In the resulted object you will have categories converted to array by Laravel. If you want a custom relation structure you will instead do something like :

public function getAlgoliaRecord()
{
	/**
	 * Load the categories relation so that it's available
	 * 	in the laravel toArray method
	 */
	$extra_data = [];
	$extra_data['categories'] = array_map(function ($data) {
							            return $data['name'];
						        }, $this->categories->toArray();
  
   return array_merge($this->toArray(), $extra_data);
}

Indexing

Manual Indexing

You can trigger indexing using the pushToIndex instance method.

$contact = Contact::firstOrCreate(['name' => 'Jean']);
$contact->pushToIndex();

Manual Removal

And trigger the removing using the removeFromIndex instance method.

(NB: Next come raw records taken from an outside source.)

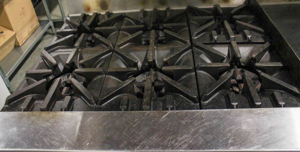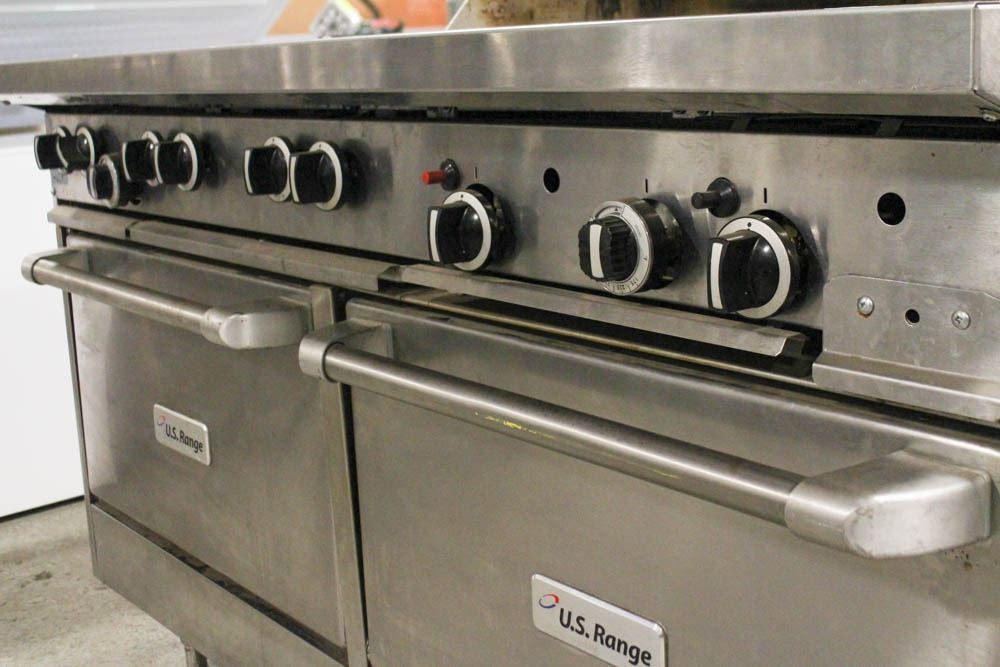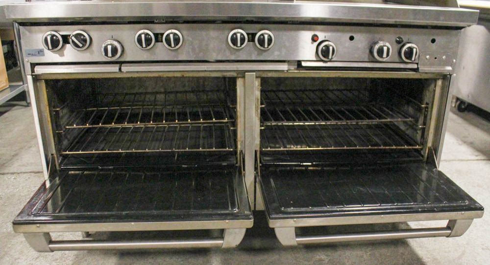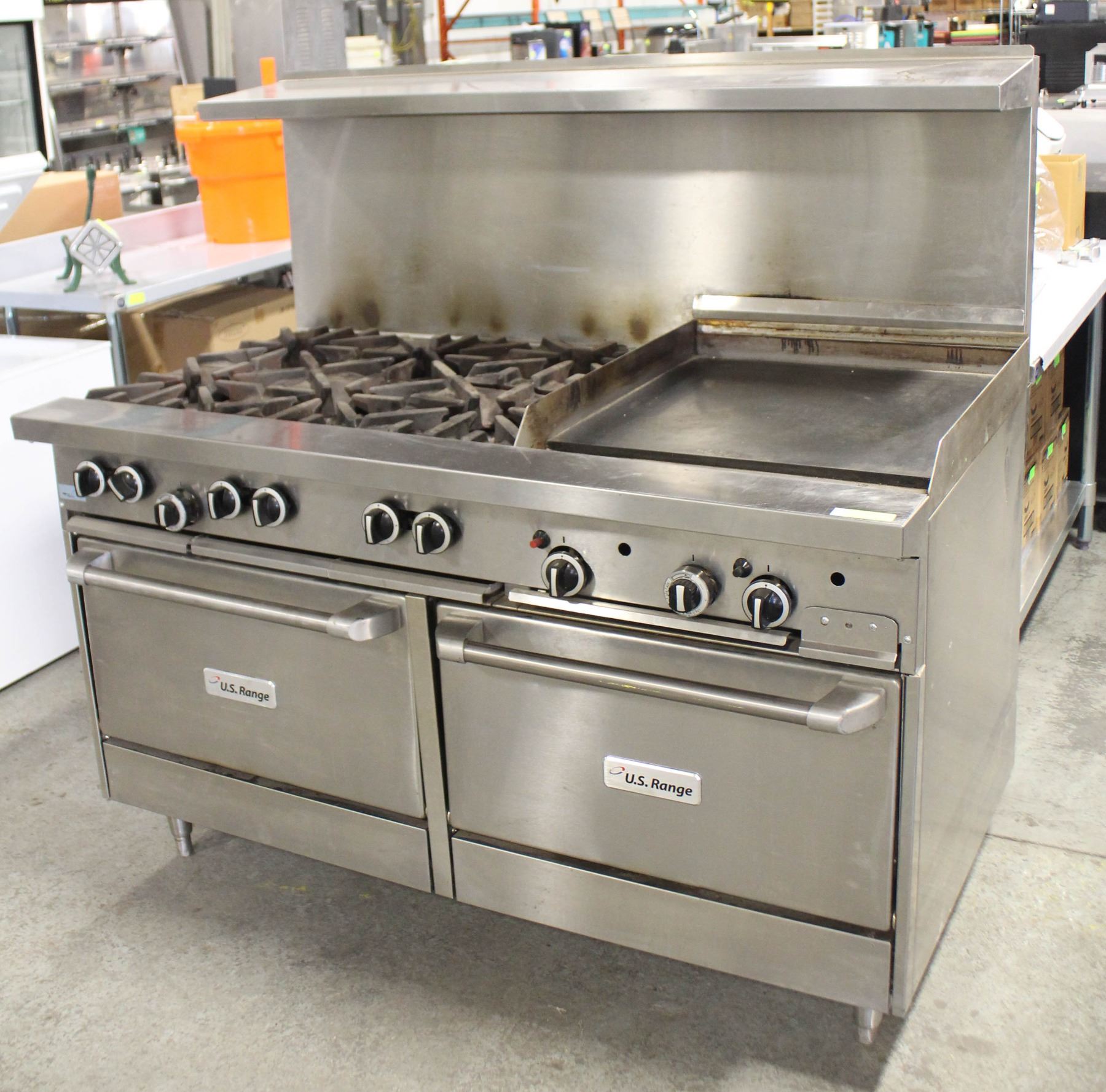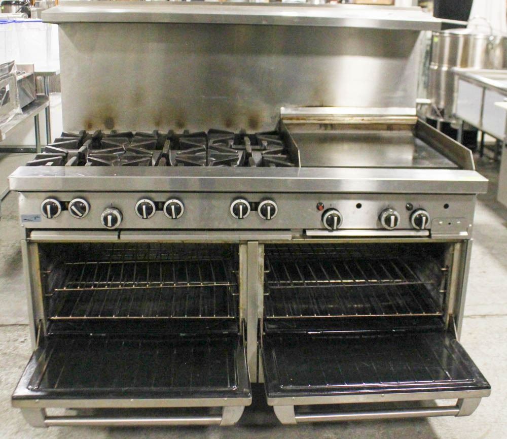 6 BURNERS, 24" GRIDDLE & 2 STANDARD OVENS. MODEL: U60-6G24RR. 304000 BTU/HR TOTAL. 32000 BTU/HR PER BURNER, 32000 BTU/HR PER OVEN. 48000 BTU/HR GRIDDLE. NATURAL GAS. 59.25" X 34.5" X 36"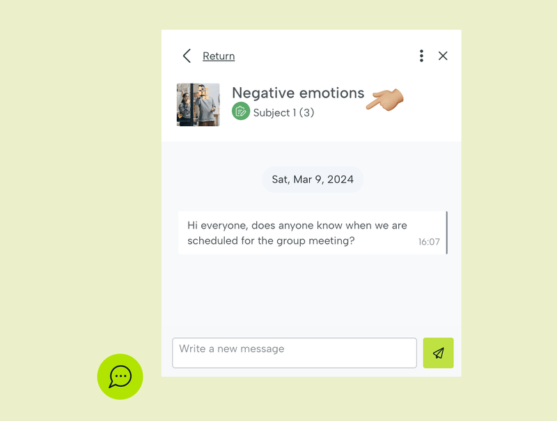 La comunicación entre profesores y alumnos es clave para crear equipos de alto rendimiento. Entre las funcionalidades interconectadas de las actividades, Leemons crea automáticamente en Comunica un canal de chat para la tarea cuando se asigna a los estudiantes.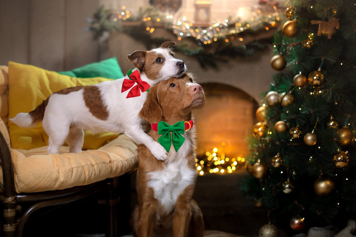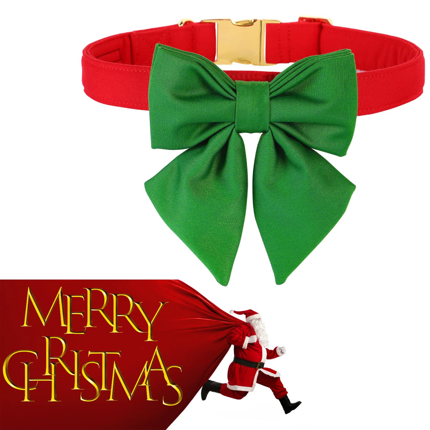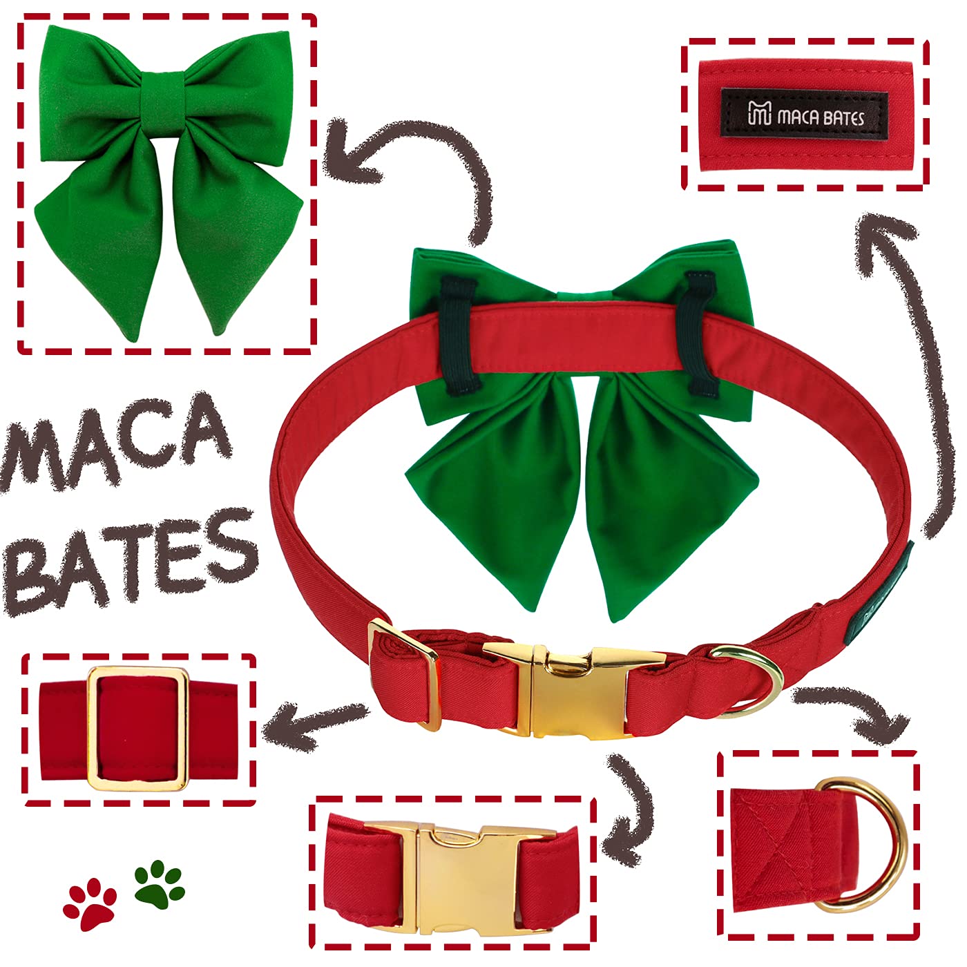 Maca Bates Christmas Dog Collar with Bow Bowtie for Dogs Sailor Bow Tie Adjustable Breakaway Red Green Collars Accessories Gift for Small Medium Large XL Puppy with Golden Metal Buckle

$contact = Contact::firstOrCreate(['name' => 'Jean']);
$contact->removeFromIndex();

Reindexing

To safely reindex all your records (index to a temporary index + move the temporary index to the current one atomically), use the reindex class method:

Contact::reindex();

To reindex all your records (in place, without deleting out-dated records):

Contact::reindex(false);

Clearing an Index

To clear an index, use the clearIndices class method:

Contact::clearIndices();

Master/Slave

You can define slave indexes using the $algolia_settings variable:

use Illuminate\Database\Eloquent\Model;

class Contact extends Model
{
	 use AlgoliaEloquentTrait;
    
	 public $algoliaSettings = [
		'attributesToIndex' => [
			'id', 
			'name',
		],
    	'customRanking' => [
    		'desc(popularity)', 
    		'asc(name)',
    	],
    	'slaves' => [
    		'contacts_desc',
    	],
    ];

    public $slavesSettings = [
        'contacts_desc' => [
            'ranking' => [
                'desc(name)',
                'typo',
                'geo',
                'words',
                'proximity',
                'attribute',
                'exact',
                'custom'
            ]
        ]
    ];
}

To search using a slave use the following code:

Book::search('foo bar', ['index' => 'contacts_desc']);

Target Multiple Indexes

You can index a record in several indexes using the $indices property:

use Illuminate\Database\Eloquent\Model;

class Contact extends Model
{
	use AlgoliaEloquentTrait;
    
	public $indices = [
		'contact_public', 
		'contact_private',
	];
    
	public function indexOnly($indexName)
	{
		if ($indexName == 'contact_public')
			return true;

		return $this->private;
	}

}

To search using an extra index, use the following code:

Book::search('foo bar', ['index' => 'contacts_private']);

Eloquent compatibility

Doing :

Ad::where('id', $id)->update($attributes);

will not trigger anything in the model (so no update will happen in Algolia). This is because this is not an Eloquent call, it is just a convenient way to generate the query hidden behind the model

To make this query work with Algolia you need to do it like that:

Ad::find($id)->update($attributes);

Compatibility

Compatible with 5.x applications

License

Laravel Algolia Search is licensed under The MIT License (MIT).